罂粟闻言,咯咯的笑了起来,直笑得花枝乱颤,直笑得赵覃三魂丢了七魄。
罂粟笑够了,凑上去,亲昵道,“那你说,我该怎样对你呢?”
赵覃见罂粟这般,以为自己还有机会,罂粟对自己还是有感情的,一把抱住罂粟,乞求道,“罂粟,罂粟,跟我走好不好,跟我走,我会让你过上好生活的,不会再让你抛头露面,受人侮辱,跟我走。”
魅轻轻地,残忍地一点点掰开赵覃的手,挣脱出来,低低笑道,“赵郎?阿覃?奴家好感动呀。”
“罂粟,你,你是不是愿意跟我走了,罂粟。

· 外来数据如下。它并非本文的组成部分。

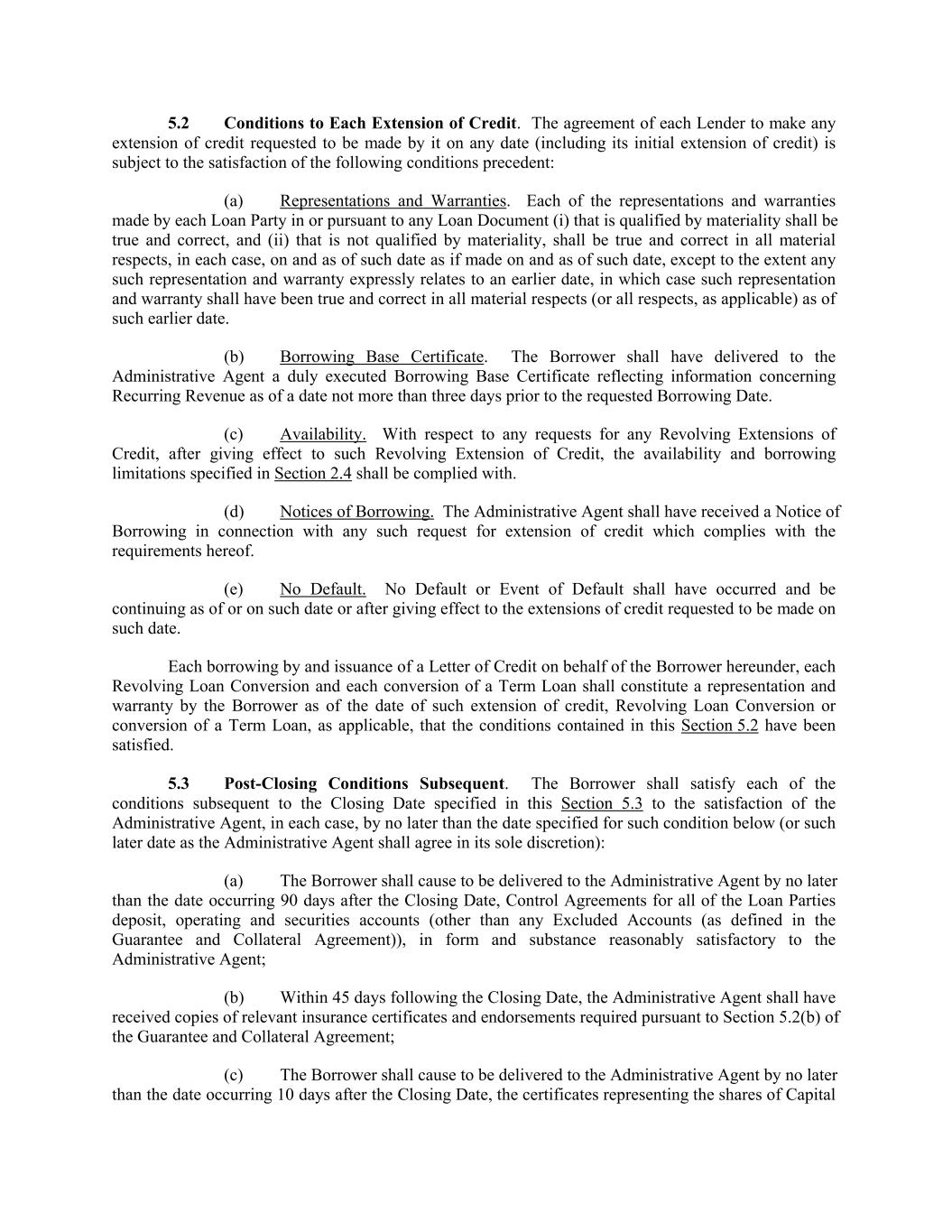 5.2 Conditions to Each Extension of Credit. The agreement of each Lender to make any extension of credit requested to be made by it on any date (including its initial extension of credit) is subject to the satisfaction of the following conditions precedent: (a) Representations and Warranties. Each of the representations and warranties made by each Loan Party in or pursuant to any Loan Document (i) that is qualified by materiality shall be true and correct, and (ii) that is not qualified by materiality, shall be true and correct in all material respects, in each case, on and as of such date as if made on and as of such date, except to the extent any such representation and warranty expressly relates to an earlier date, in which case such representation and warranty shall have been true and correct in all material respects (or all respects, as applicable) as of such earlier date. (b) Borrowing Base Certificate. The Borrower shall have delivered to the Administrative Agent a duly executed Borrowing Base Certificate reflecting information concerning Recurring Revenue as of a date not more than three days prior to the requested Borrowing Date. (c) Availability. With respect to any requests for any Revolving Extensions of Credit, after giving effect to such Revolving Extension of Credit, the availability and borrowing limitations specified in Section 2.4 shall be complied with. (d) Notices of Borrowing. The Administrative Agent shall have received a Notice of Borrowing in connection with any such request for extension of credit which complies with the requirements hereof. (e) No Default. No Default or Event of Default shall have occurred and be continuing as of or on such date or after giving effect to the extensions of credit requested to be made on such date. Each borrowing by and issuance of a Letter of Credit on behalf of the Borrower hereunder, each Revolving Loan Conversion and each conversion of a Term Loan shall constitute a representation and warranty by the Borrower as of the date of such extension of credit, Revolving Loan Conversion or conversion of a Term Loan, as applicable, that the conditions contained in this Section 5.2 have been satisfied. 5.3 Post-Closing Conditions Subsequent. The Borrower shall satisfy each of the conditions subsequent to the Closing Date specified in this Section 5.3 to the satisfaction of the Administrative Agent, in each case, by no later than the date specified for such condition below (or such later date as the Administrative Agent shall agree in its sole discretion): (a) The Borrower shall cause to be delivered to the Administrative Agent by no later than the date occurring 90 days after the Closing Date, Control Agreements for all of the Loan Parties deposit, operating and securities accounts (other than any Excluded Accounts (as defined in the Guarantee and Collateral Agreement)), in form and substance reasonably satisfactory to the Administrative Agent; (b) Within 45 days following the Closing Date, the Administrative Agent shall have received copies of relevant insurance certificates and endorsements required pursuant to Section 5.2(b) of the Guarantee and Collateral Agreement; (c) The Borrower shall cause to be delivered to the Administrative Agent by no later than the date occurring 10 days after the Closing Date, the certificates representing the shares of Capital
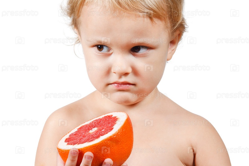 Маленький мальчик с разрезанным грейпфрутом на белом фоне
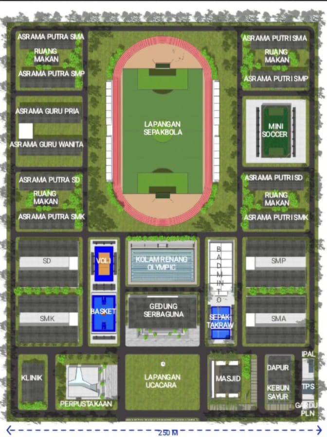 “Fasilitasnya sangat bagus dan lengkap. Selain asrama dan kebutuhan dasar siswa, juga disiapkan sarana olahraga seperti kolam renang standar olimpik, lapangan sepak bola, mini soccer, basket, takraw, voli, dan fasilitas pendukung lainnya,” jelas Iman.
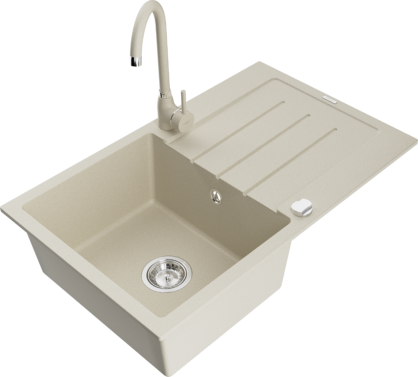 Mexen Bruno гранитна мивка с 1 корито с отцедник и кухненски смесител Telma, бежово - 6513-69-670200-69

”赵覃目光灼灼,魅却只觉得恶心。
罂粟做出一副担忧的模样,“可是,奴家担心”
“担心什么?”赵覃已经等不及了,只要罂粟肯跟他走,她要什么他都答应他。
魅叹了口气,哀哀道,“没什么。”
“你说,你担心什么,我一定能帮你,罂粟,相信我。”
“我听说公主很喜欢你,我怕,我怕她来抢你。”
“就这个?罂粟你想什么呢,我和她已经解除婚姻了,有你,我怎么还会看上别人呢,现在她就是跪着求我,我也不会多看她一眼。”
“可我听说你还有个妹妹,她很喜欢公主,你会不会因为”
赵覃一听,直接道,“她喜欢公主她自己跟公主过去,我堂堂七尺男儿,怎会被女子左右。”
“我也是女子。”
赵覃看着面带委屈的罂粟,心都要化了,他温柔的将罂粟揽入怀走,温声道,“你不一样,你是我的妻子,我会把你当天上的仙子一样,只要是你说的,我都听。”
罂粟把头埋在赵覃怀里,还是有些不信,“真的?”
“额,清源兄,进,还是不进?”冥曜站在门口,问同样站在门口的杨戬。
“当然是真的,我赵覃对天发誓,今生今世,只喜欢罂粟一个,只对罂粟一个人好,若违此誓,不得好死。”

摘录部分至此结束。